Multi Label Classification with ULMFIT, Category List is the wrong size?

calmdownkarm · June 27, 2019, 4:55pm

Hey
I’ve been trying to use ULMFIT for multi-label classification, I collected my labels into a comma-separated list for each row and fed it into a TextDataBunch like so

data_clas  = TextClasDataBunch.from_csv('./', 'collected_combined_data.csv', valid_pct=0.3, vocab=data.vocab, text_cols='comment', label_cols='mot', label_delim=',', bs=16)

And the model looks kinda right, except that the final layer is 50x82 - I don’t understand how it got to 82, since I only have 21 classes, ideally, it should just take the sigmoid over a final layer of 50x21?

My preds and y_true from model.validate are the same shape (3765x82) but 1. how did it reach the number 82 in the first place and 2. how do I interpret the preds to get the original labels?

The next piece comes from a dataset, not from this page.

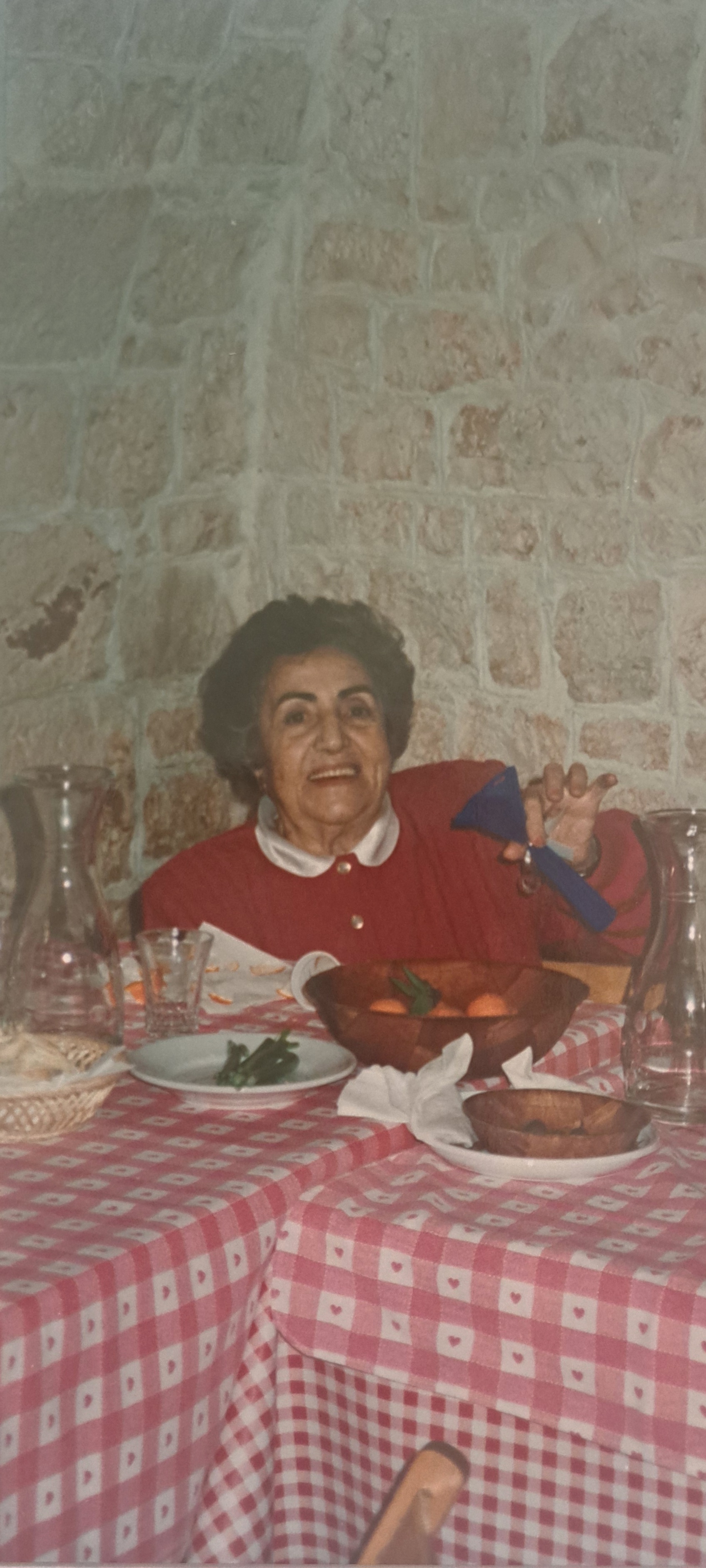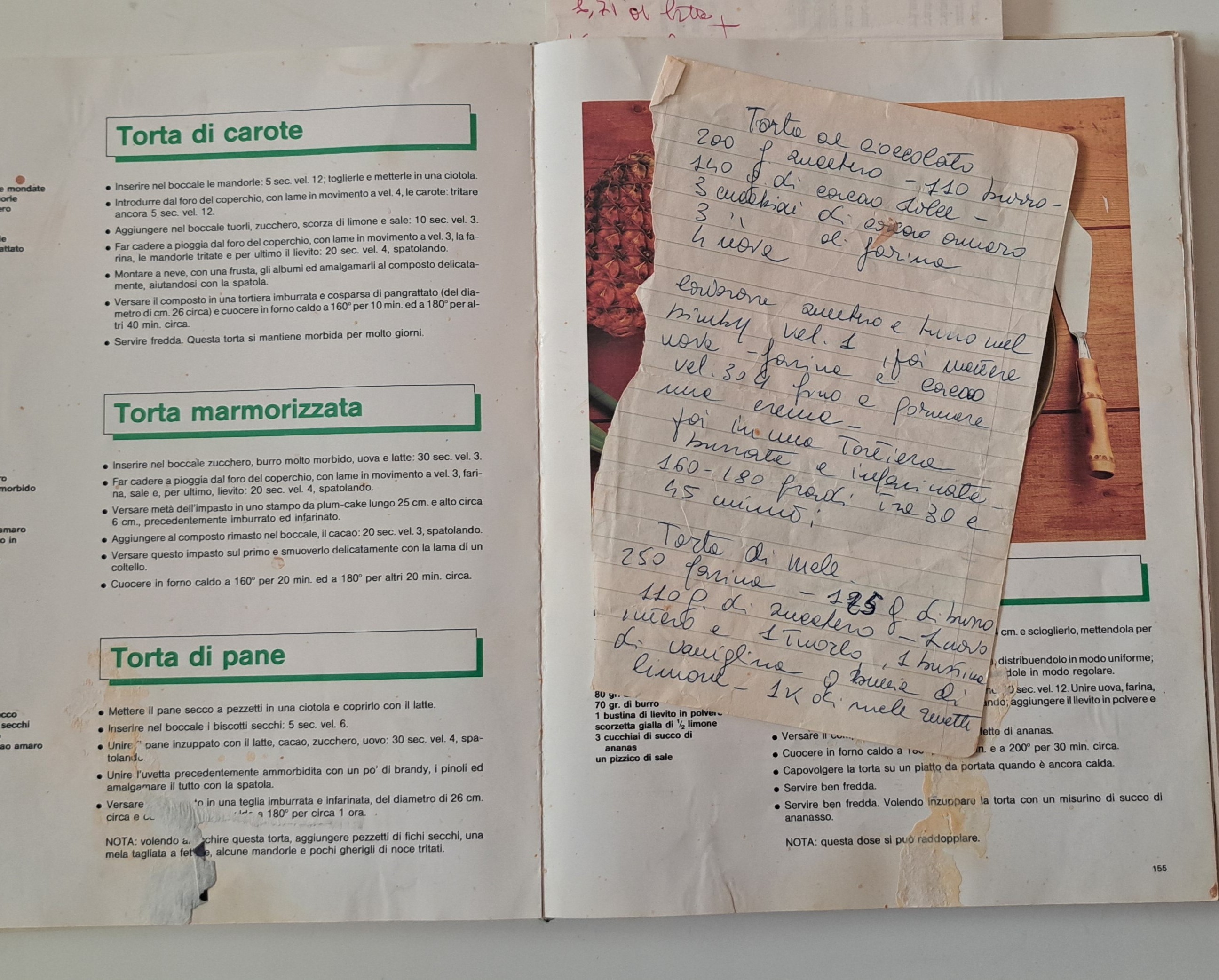 Indimenticabili le ricette dei dolci, di cui era, purtroppo per lei, ghiotta: la charlotte, il tiramisù, i profiteroles, ovviamente in aggiunta alle ciambelle e crostate già citate. Ogni pagina di quel ricettario aveva le impronte della sua padrona. Infatti nostra nonna era molto attenta al fatto che il fondo delle teglie dovesse essere rigorosamente imburrato “per non far attaccare sotto”, così ci spiegava. E con quelle mani unte lei poi girava le pagine del suo ricettario o seguiva le righe delle ricette, lasciando tante belle ombre sulle pagine che erano il suo timbro di fabbricazione. Come dimenticarla, china sul tavolo che leggeva e impartiva a noi nipoti gli ordini per la bilancia, per farina o zucchero, per il misurino del latte, per le uova. E lei che faceva il controllo finale delle quantità come una vera chef!. E poi a turno l’aiutavamo a versare il contenuto dolce cremoso nella teglia e non vedevamo l’ora che la posasse per andare a fare la scarpetta con le dita, avide di dolce, che erano più potenti di ogni spugna. Il sapore della vanillina era inebriante nel palato anche meglio del dolce dopo la cottura ed il profumo mentre era in cottura dava a tutti noi la soddisfazione del lavoro svolto. Ma bisognava stare sempre in guardia con quel forno, per non rovinare tutto. E allora lo stecchino che affondava nella crema fatta pasta morbida, per capire se era il caso di togliere la teglia e farla raffreddare. Spesso al dolce, dopo averlo appena cotto e ancora caldo, mancavano una o due fette. Non si riusciva ad aspettare che si raffreddasse. Era brava nostra nonna perché era precisa, concentrata sul suo libro di ricette. Certi giorni, soprattutto la domenica, era instancabile: si partiva con la pasta al forno con ragù e polpettine o le lasagne al forno, poi si passava al secondo con il roast beef o il maiale al latte e sul dolce era una certezza. Se non c’era tempo per farlo, bastava scendere e fare 200 mt a piedi e si prendevano i pasticcini da Fanelli o con la macchina si andava alla pasticceria GM. Noi nipoti sempre intorno un po’ per approfittare e mangiucchiare mentre si cucinava e un po’ per imparare, con le risate tra noi che non mancavano mai. Come facevi a non sorridere quando vedevi le sue mani sporcarsi di cioccolato, uova e burro mentre preparava il ripieno della charlotte e per finire con la panna montata che trovavi sul cucchiaio di legno o nei bordi dello sbattitore e nelle sue dita! Ancora oggi, lei rivive nei nostri modi di dire, nell’imitazione che facciamo di lei, di alcune sue frasi celebri, o imprecazioni quando perdeva la pazienza.

RNNLearner(data=TextClasDataBunch;

Train: LabelList (8782 items)
x: TextList

y: MultiCategoryList
['class1'; 'class2'],['class3']...
Path: .;

Valid: LabelList (3765 items)
x: TextList
<text>
y: MultiCategoryList
<classes in the same format>
Path: .;

Test: None, model=SequentialRNN(
  (0): MultiBatchEncoder(
    (module): AWD_LSTM(
      (encoder): Embedding(4616, 400, padding_idx=1)
      (encoder_dp): EmbeddingDropout(
        (emb): Embedding(4616, 400, padding_idx=1)
      )
      (rnns): ModuleList(
        (0): WeightDropout(
          (module): LSTM(400, 1152, batch_first=True)
        )
        (1): WeightDropout(
          (module): LSTM(1152, 1152, batch_first=True)
        )
        (2): WeightDropout(
          (module): LSTM(1152, 400, batch_first=True)
        )
      )
      (input_dp): RNNDropout()
      (hidden_dps): ModuleList(
        (0): RNNDropout()
        (1): RNNDropout()
        (2): RNNDropout()
      )
    )
  )
  (1): PoolingLinearClassifier(
    (layers): Sequential(
      (0): BatchNorm1d(1200, eps=1e-05, momentum=0.1, affine=True, track_running_stats=True)
      (1): Dropout(p=0.2)
      (2): Linear(in_features=1200, out_features=50, bias=True)
      (3): ReLU(inplace)
      (4): BatchNorm1d(50, eps=1e-05, momentum=0.1, affine=True, track_running_stats=True)
      (5): Dropout(p=0.1)
      (6): Linear(in_features=50, out_features=82, bias=True)
    )
  )
), opt_func=functools.partial(<class 'torch.optim.adam.Adam'>, betas=(0.9, 0.99)), loss_func=FlattenedLoss of BCEWithLogitsLoss(), metrics=[], true_wd=True, bn_wd=True, wd=0.01, train_bn=True, path=PosixPath('.'), model_dir='models', callback_fns=[functools.partial(<class 'fastai.basic_train.Recorder'>, add_time=True, silent=False)], callbacks=[RNNTrainer
learn: ...
alpha: 2.0
beta: 1.0], layer_groups=[Sequential(
  (0): Embedding(4616, 400, padding_idx=1)
  (1): EmbeddingDropout(
    (emb): Embedding(4616, 400, padding_idx=1)
  )
), Sequential(
  (0): WeightDropout(
    (module): LSTM(400, 1152, batch_first=True)
  )
  (1): RNNDropout()
), Sequential(
  (0): WeightDropout(
    (module): LSTM(1152, 1152, batch_first=True)
  )
  (1): RNNDropout()
), Sequential(
  (0): WeightDropout(
    (module): LSTM(1152, 400, batch_first=True)
  )
  (1): RNNDropout()
), Sequential(
  (0): PoolingLinearClassifier(
    (layers): Sequential(
      (0): BatchNorm1d(1200, eps=1e-05, momentum=0.1, affine=True, track_running_stats=True)
      (1): Dropout(p=0.2)
      (2): Linear(in_features=1200, out_features=50, bias=True)
      (3): ReLU(inplace)
      (4): BatchNorm1d(50, eps=1e-05, momentum=0.1, affine=True, track_running_stats=True)
      (5): Dropout(p=0.1)
      (6): Linear(in_features=50, out_features=82, bias=True)
    )
  )
)], add_time=True, silent=None)

calmdownkarm · June 29, 2019, 9:52am

I figured this out yesterday - turns out that I had created a dataframe with my labels as a list, which when I wrote them to a csv file for the datablock was causing problems because “[‘label-name’]” was seen as a string. writing it to csv as a comma seperated string should fix the problem, though I just used the from df factory method instead.